His trademark white suit, his dramatic face and figure were prominent where big money gathered, at yacht and horse races, international soccer matches, and in Brasilia, the country’s ultramodern and also dazzlingly white city. He made the Fontana brothers pale by comparison, and that was going some.
Temple couldn’t imagine a more likely candidate to build on Gangsters Limo Service’s hip and successful reputation, and upgrade that stylish mob pizzazz to the attached hotel and Las Vegas. In fact, her only question was why such an international bigwig would want to work for a modest boutique hotel.
The answer came as she darkened the screen and rose from Van’s desk.
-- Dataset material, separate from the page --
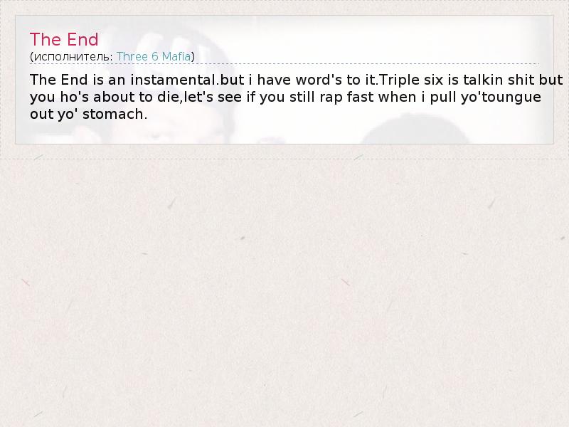 The End is an instamental.but i have word's to it.Triple six is talkin shit but

Follow the money. That was always the key to motivations everywhere. Vegas’s big spenders were strapped for tourists and cash, sitting atop billions of dollars of idled projects. Santiago could make a splash at Gangsters and remake it as a showroom for his gaudy media expertise as well as a more focused and successful enterprise.
Van had wanted Temple’s assessment of this guy, his flashy ego, and, most important, his business and personal history. Temple would have to dig far deeper, but on first glance he was the Prince Charming of Chutzpah for good reason.
She headed down a floor to the Fontana Suite, happy she could endorse Nicky’s instincts and eager to see what Simply Santiago had to show them.
Temptations of Temple Bar
Max had set the Mondeo’s driver’s seat in a position of slight recline to accommodate his six-foot-four frame … if he hadn’t lost an inch or two in height with his leg injuries. Taking physical stock and measurements could wait until later.
At the moment, he felt invigorated, happy he could stretch his spine and legs and be driving … in control and reasonably secure for the first time since he’d awakened in the Swiss clinic a week ago, not knowing who he was.